Will you be able to enjoy your retirement?
According to the latest AMP Retirement Adequacy Index, over 46% of 55-59 year old workers are facing an inadequate lifestyle in retirement.
While the much-welcomed Labor government’s announcement to increase compulsory superannuation from 9% to 12% by 2019 could have a significant impact on the retirement adequacy for average Australians – lifting savings by $46,000 or almost 3% – it may be a case of too little too late for people reaching the end of their working lives.
However all is not lost, and with a little help, there is a great way for people over the age of 55 to boost their retirement savings with a building for retirement strategy.
What is building for retirement?
A building for retirement strategy involves re-arranging the way you receive your take home pay – whether that be your salary or wage income, or your earnings as a self-employed person.
By replacing some or all of your regular take home pay with a regular pension from money held in your super fund, you can make the most of a number of tax concessions – resulting in a boost to retirement savings and a greater chance of a more comfortable lifestyle in retirement.
How does it work?
While you might not be able to take your money as a lump sum just yet, once you reach your super preservation age (currently age 55), you can access your super in the form of a regular pension.
Some of this money may be tax-free, and any taxable amounts will benefit from a 15% tax rebate.
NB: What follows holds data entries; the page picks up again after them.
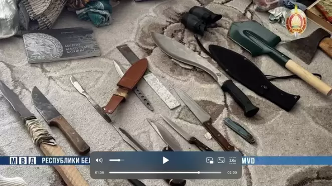 В милицейском ролике также показали кадры с обыска из дома могилевчанина. Были видны разные ножи, часть из которых кухонные, а также книги — одна про монеты, другая про взрывчатые вещества. Кроме того, упоминалось, что у мужчины были книги по психологии и «экстремистская литература» — возможно, речь о предвыборном плакате Светланы Тихановской.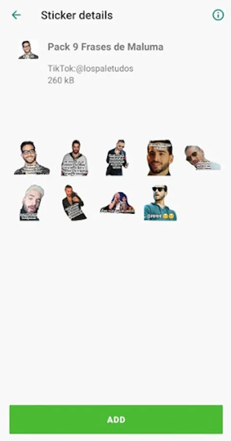 The application has Maluma Stickers (Stickers), some without phrases and others with phrases. The Stickers can be downloaded to be able to use them. The application will be continuously updated so that you have new Stickers.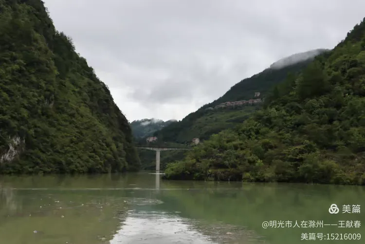 一条河流蜿蜒穿过山谷,两岸是高耸的山峰,山峰上覆盖着浓密的植被,云雾缭绕,远处可以看到一座桥梁横跨河流,整体景色显得宁静而神秘。我站在桥上,感受着这片土地的宁静与美好。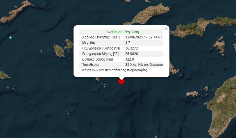 Σεισμός 4,7 Ρίχτερ σημειώθηκε στις 20:39 σε θαλάσσια περιοχή ανοιχτά της Νισύρου.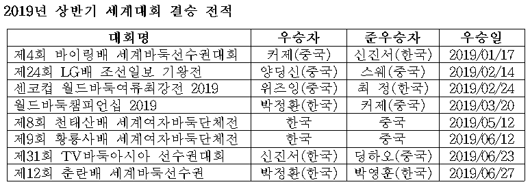 신진서 9단은 지난 6월 23일 열린 제31회 TV바둑아시아선수권 결승에서 중국의 딩하오(丁浩) 6단을 꺾고 입단 후 첫 국제대회 우승을 달성했으며, 박정환 9단은 6월 27일 제12회 춘란배 세계바둑선수권 결승에서 박영훈 9단을 2-0으로 제치고 네 번째 메이저 세계대회 챔피언에 등극했다.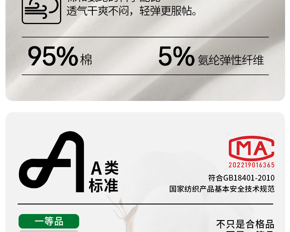 | 材質成分 | 棉95% 聚氨酯彈性纖維(氨綸)5% |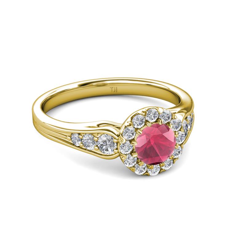 1 2/5 ctw Round Rhodolite Garnet and Diamond Cupcake Womens Halo Engagement Ring 18K Yellow Gold More Details ...
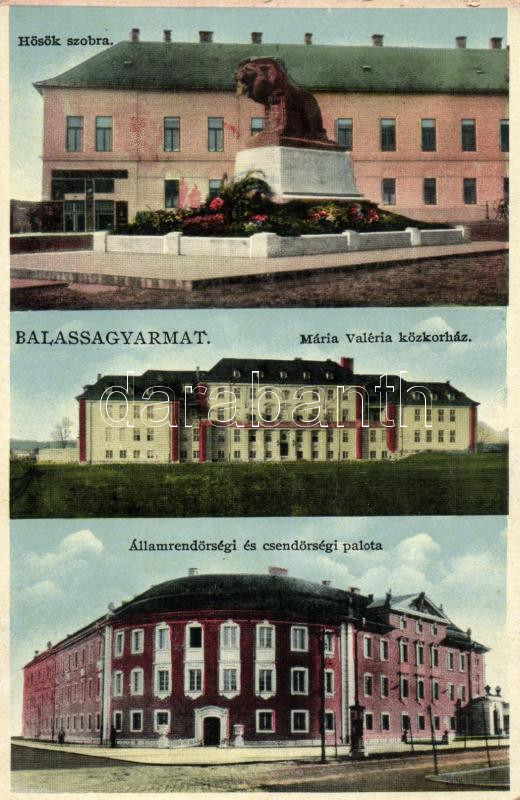 Beschreibung: Balassagyarmat Hősök szobra, Mária Valéria kórház, Államrendőrségi és csendőrségi palota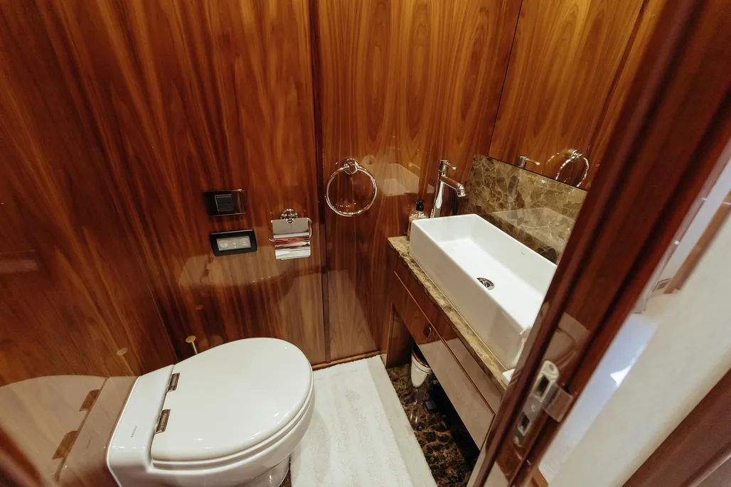 - Guest Cabins 1 & 2: convertible twin/double beds, pullman bunks, en-suite rain showers, in-ceiling speakers, TVs
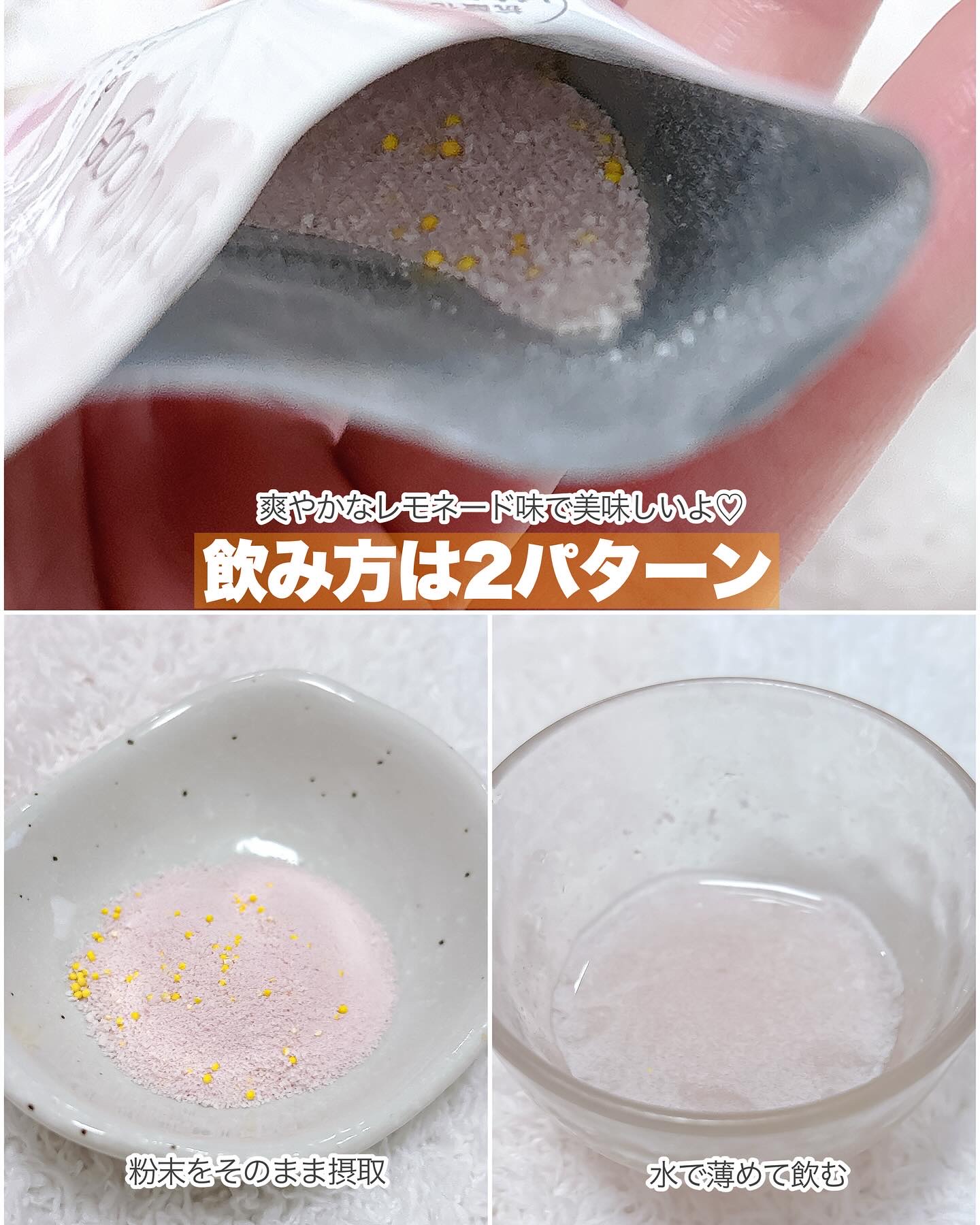 | 粉末のままで試してみたのですが 溶けるのが早くて良かったです♡ レモネード味がスッキリ🍋 | 詳細を見る | ||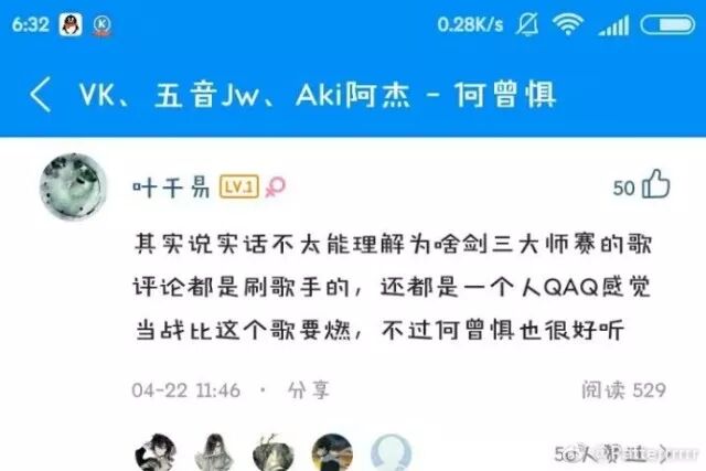 《何曾惧》的三位歌手中,有一位是VK,他的粉丝在这首歌的下面刷了许多支持VK的评论。当然了,一般情况下为表示对自己爱豆的喜爱刷刷评论以表支持本不是什么不妥的事,这种事也挺常见的。

Once you reach age 60, it gets even better, as all of the income you receive from your super pension will be completely tax-free!
Also, you won’t pay any tax on the investment earnings on the money in this pension account.
As a result of this regular pension, you will have a higher level of income available. Of course you could use this as an opportunity to reduce your working hours, help meet your living expenses, or even reduce your mortgage.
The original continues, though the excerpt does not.